Is there any better way to search on the table, if you want to search on the basis of a column whose type is Array.

WITH tag_sums AS (
    SELECT
        value,
        SUM(amount) AS total_amount
    FROM (
        SELECT 
            unnest(tags) AS value,
            amount
        FROM
            ezetap_demo.txn
    ) subquery
    WHERE
        value IN ('10460', '10461', '5284', '5285','1','2','3','1111176')
    GROUP BY
        value
)
select * from tag_sums order by total_amount ;

Issues: Current query iterates over dataset who size is aroud 8k rows. If i increase the partition date range , the query is taking too much and CPU usage hits 100 %. How can I resolve this issue and please suggest a better way to use WHERE clause on a column whose type is ARRAY( without using unnest).

Hi,
Depending on how selective this is, one way to improve performance could be by adding an additional WHERE clause to the subquery:

WHERE 8<>ARRAY_LENGTH(ARRAY_DIFFERENCE(['10460', '10461', '5284', '5285','1','2','3','1111176'],tags),1)

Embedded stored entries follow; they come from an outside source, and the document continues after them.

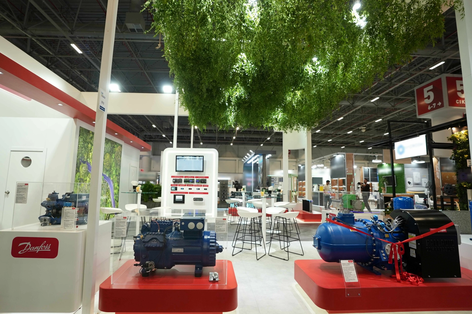 Danfoss standında, podyumlarda öne çıkarılan Palladio, Turbocor, Bock ve VZN, PSG Scroll (propanla çalışan) gibi ana kompresör ürünlerinin yanı sıra; endüstriyel soğutma sistemleri ve farklı ısı eşanjörleri de yer aldı. Ayaklı stantta ise hat ekipmanları, genleşme vanaları, elektronik kontrol cihazları ve sistem yöneticileri gibi daha hafif ve kompakt ürünler bir arada sunuldu. 80” dokunmatik ekran üzerinden ziyaretçiler, Danfoss’un tüm çözümlerini etkileşimli şekilde inceleyebildi. Ayrıca standın üst kısmındaki curve ekran, öne çıkan ürün ve mesajları dinamik biçimde aktardı. Açıkhava reklam alanlarında ise Danfoss Akademi gibi stratejik içerikler yer aldı. Etkileşimli stand deneyimi ve ürün çeşitliliği ile öne çıkan Danfoss, MENA ve Orta Asya’dan gelen katılımcılarla bölgesel bir etkileşim gerçekleştirme imkanı buldu.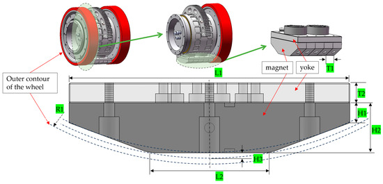 In order to achieve an optimal balance between magnetic adhesion performance and the mechanical structure of the wheel system, a new type of swinging magnetic adhesion unit was designed. It is composed of a combination of yoke and magnets magnetized in a Halbach array, located at the center of the wheel foot, and can rotate coaxially with the wheel foot. The design structure and a cross-section of the magnetic adhesion unit are shown in Figure 3. Its structure is mainly restricted by the length of the yoke, the length of the upper and lower ends of the magnet, and the height of the magnet. Its size parameters are shown in Table 1.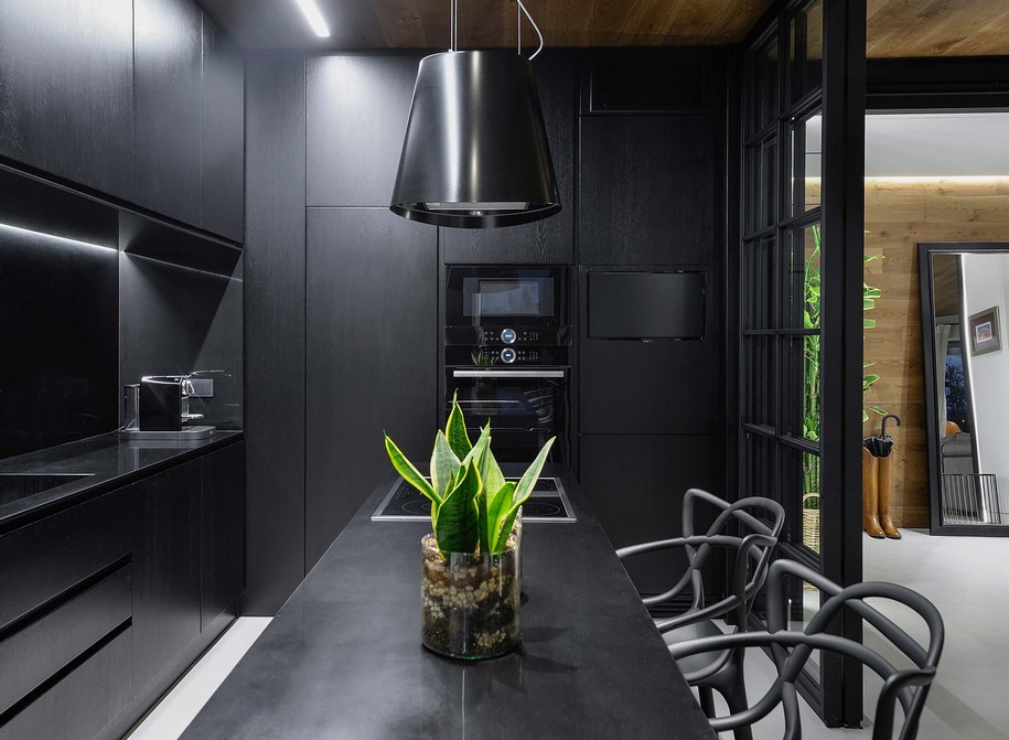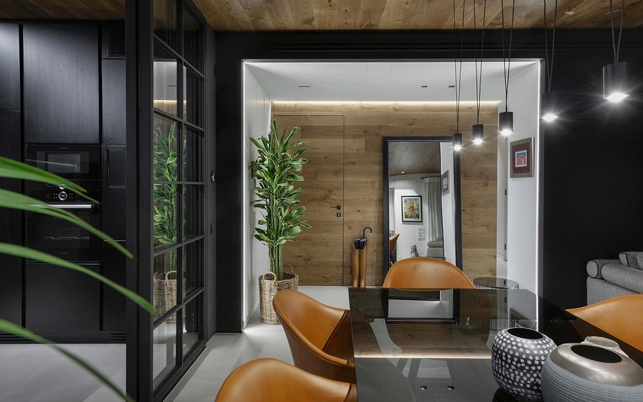 By combining timber furniture and dark accessories with black, custom-made heating pipes and forged cement flooring, the design team managed to compose a unique space with particularly fine qualities.

NB: this in addition to the WHERE clause you already have.

In the below code, if i want to group them by tags , it is taking huge time( 4-5sec) for 70K records. If I do not group them it is done in around 1 sec. Is there any way , to group them based on the value present in the array? Also, when I am grouping them , Let us say that array contains 3 elements: 102,103 ,104 and the array with which I am comparing contains [102,109,110,111,112,113]. As seen, only 102 is common. So once grouping , only 102 should come. However, when we are grouping 102,103,104 are coming in the results.But it should only show 102 . PFA query for your refernce.

WITH tag_sums AS (
            SELECT
                SUM(amount) AS total_amount,
                 value
            FROM (
                SELECT
                   unnest(tags) AS value,
                    amount
                FROM(
                    select tags,amount from ezetap_demo.txn where   createdts_generated  >  '2023-07-01'  and  createdts_generated  <  '2023-10-17'   and org_code =  'ARCHANAMERCHANT' and  partition_date  >=  '2307'
      and  partition_date  <=  '2310'   and  (1<>ARRAY_LENGTH(ARRAY_DIFFERENCE(['10629'],tags),1))
                ) AS tags_table
            ) subquery
      GROUP BY
                      value

        )
        select * from tag_sums;

Please suggest a better alternative to group by tag’s element in array and also to resolve the bug in presenting the array element multiple times.

Hi,
You are getting these additional records because the query is missing one WHERE clause. As mentioned in my previous comment, you need one WHERE clause to lookup the records that have arrays that have one of the values you are interested in, and after unnesting you need another WHERE clause to only pick up the entries you are actually interested in, as the array could have other entries.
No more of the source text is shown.